## YOUR OBJECTIVE
In the entries below, begin at the line that has "Красный лук тоже", stop after the line that has "Vrouwenraad De Vrouwenraad", and output those lines exactly with no pictures.

## DATA FOR THIS TASK
---
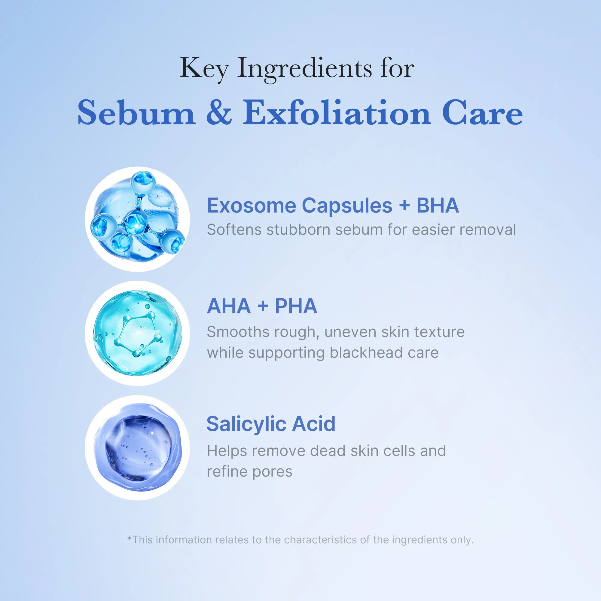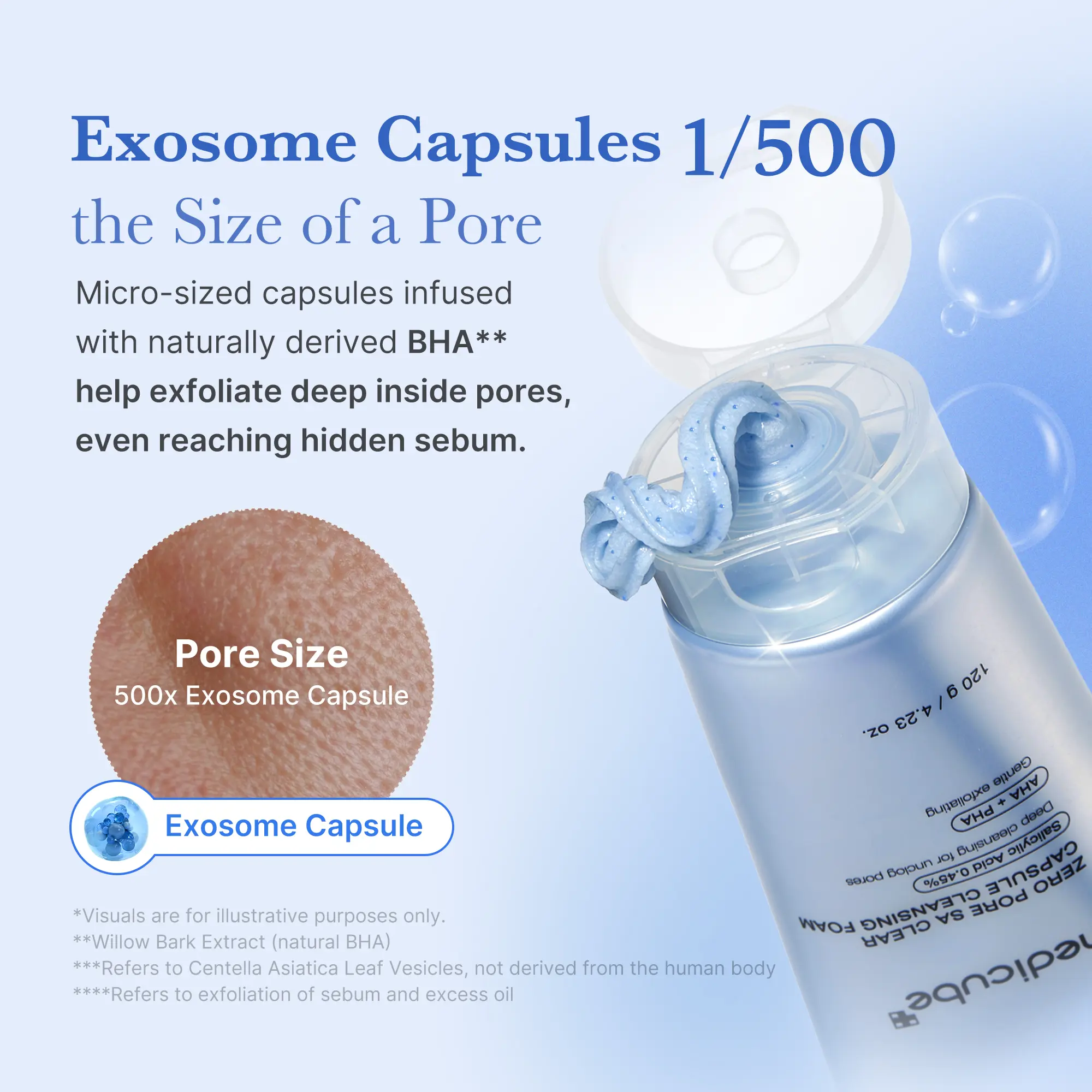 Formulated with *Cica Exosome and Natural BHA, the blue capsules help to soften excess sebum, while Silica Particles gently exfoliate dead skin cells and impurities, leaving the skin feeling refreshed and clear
---
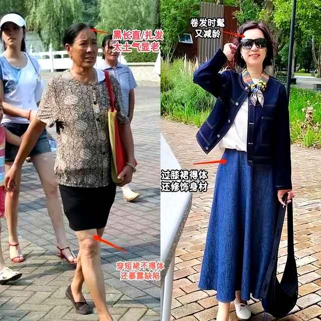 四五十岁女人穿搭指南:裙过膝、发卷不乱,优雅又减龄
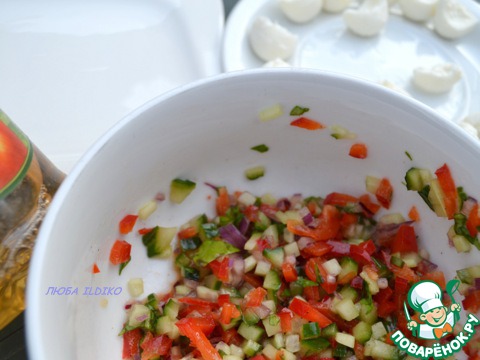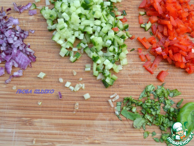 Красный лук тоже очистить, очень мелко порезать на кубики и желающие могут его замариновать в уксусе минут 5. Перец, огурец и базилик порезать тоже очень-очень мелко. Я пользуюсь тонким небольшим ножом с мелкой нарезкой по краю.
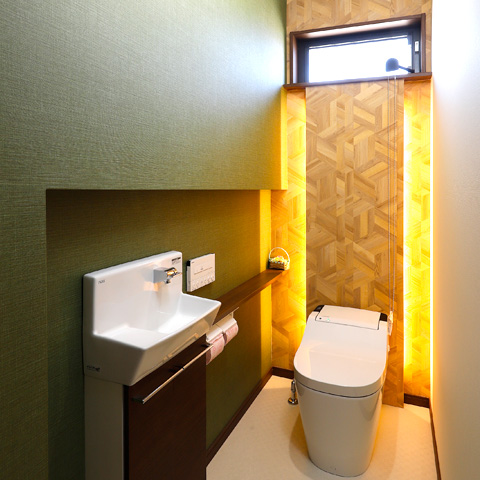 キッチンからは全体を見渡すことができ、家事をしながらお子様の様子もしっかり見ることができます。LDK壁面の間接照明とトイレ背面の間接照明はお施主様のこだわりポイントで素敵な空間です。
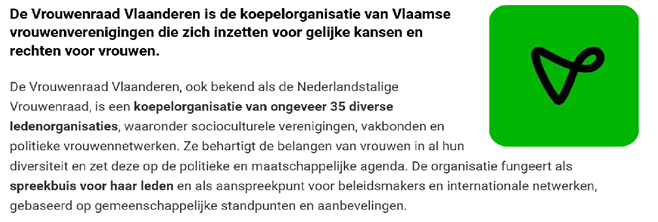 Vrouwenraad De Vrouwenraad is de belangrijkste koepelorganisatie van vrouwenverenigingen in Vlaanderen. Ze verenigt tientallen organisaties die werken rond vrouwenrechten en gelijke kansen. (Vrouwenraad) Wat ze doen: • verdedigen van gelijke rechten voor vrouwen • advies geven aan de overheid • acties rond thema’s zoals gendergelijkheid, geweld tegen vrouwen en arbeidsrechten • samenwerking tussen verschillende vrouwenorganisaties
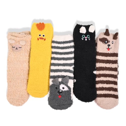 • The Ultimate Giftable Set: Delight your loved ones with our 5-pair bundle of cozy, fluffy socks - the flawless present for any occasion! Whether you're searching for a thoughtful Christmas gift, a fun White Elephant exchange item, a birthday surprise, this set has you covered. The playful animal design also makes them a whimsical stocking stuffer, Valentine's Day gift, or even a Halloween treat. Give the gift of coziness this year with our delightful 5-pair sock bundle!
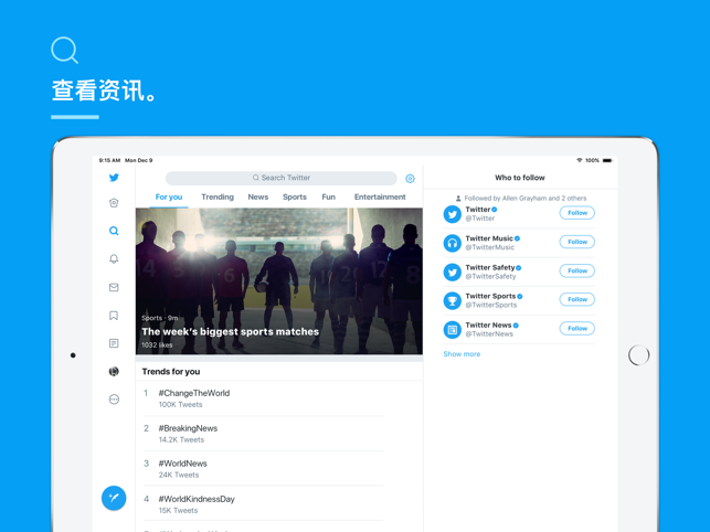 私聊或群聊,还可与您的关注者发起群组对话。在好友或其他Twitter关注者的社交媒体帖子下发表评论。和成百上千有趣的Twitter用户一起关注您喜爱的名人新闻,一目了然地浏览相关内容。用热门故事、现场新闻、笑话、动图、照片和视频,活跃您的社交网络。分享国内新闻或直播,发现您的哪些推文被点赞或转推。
---
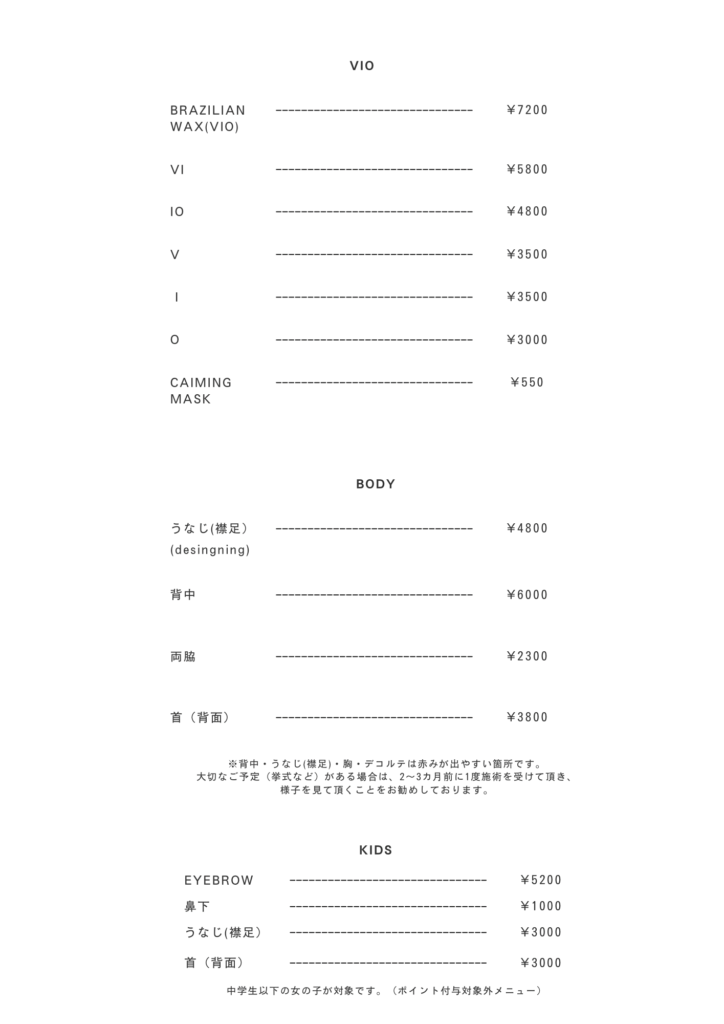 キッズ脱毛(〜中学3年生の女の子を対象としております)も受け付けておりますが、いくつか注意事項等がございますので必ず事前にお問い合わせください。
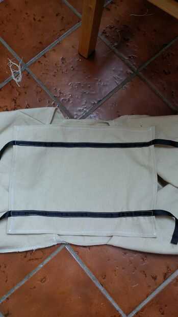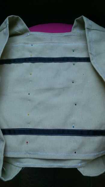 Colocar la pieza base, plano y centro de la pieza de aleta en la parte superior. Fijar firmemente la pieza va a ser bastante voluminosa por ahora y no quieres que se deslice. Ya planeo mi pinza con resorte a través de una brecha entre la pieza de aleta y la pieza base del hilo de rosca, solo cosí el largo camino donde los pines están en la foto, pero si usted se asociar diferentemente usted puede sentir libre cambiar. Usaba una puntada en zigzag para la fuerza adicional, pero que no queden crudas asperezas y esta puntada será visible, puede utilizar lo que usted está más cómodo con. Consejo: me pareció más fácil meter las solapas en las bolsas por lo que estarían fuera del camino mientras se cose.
---
## YOUR SOLUTION
 Красный лук тоже очистить, очень мелко порезать на кубики и желающие могут его замариновать в уксусе минут 5. Перец, огурец и базилик порезать тоже очень-очень мелко. Я пользуюсь тонким небольшим ножом с мелкой нарезкой по краю.
 キッチンからは全体を見渡すことができ、家事をしながらお子様の様子もしっかり見ることができます。LDK壁面の間接照明とトイレ背面の間接照明はお施主様のこだわりポイントで素敵な空間です。
 Vrouwenraad De Vrouwenraad is de belangrijkste koepelorganisatie van vrouwenverenigingen in Vlaanderen. Ze verenigt tientallen organisaties die werken rond vrouwenrechten en gelijke kansen. (Vrouwenraad) Wat ze doen: • verdedigen van gelijke rechten voor vrouwen • advies geven aan de overheid • acties rond thema’s zoals gendergelijkheid, geweld tegen vrouwen en arbeidsrechten • samenwerking tussen verschillende vrouwenorganisaties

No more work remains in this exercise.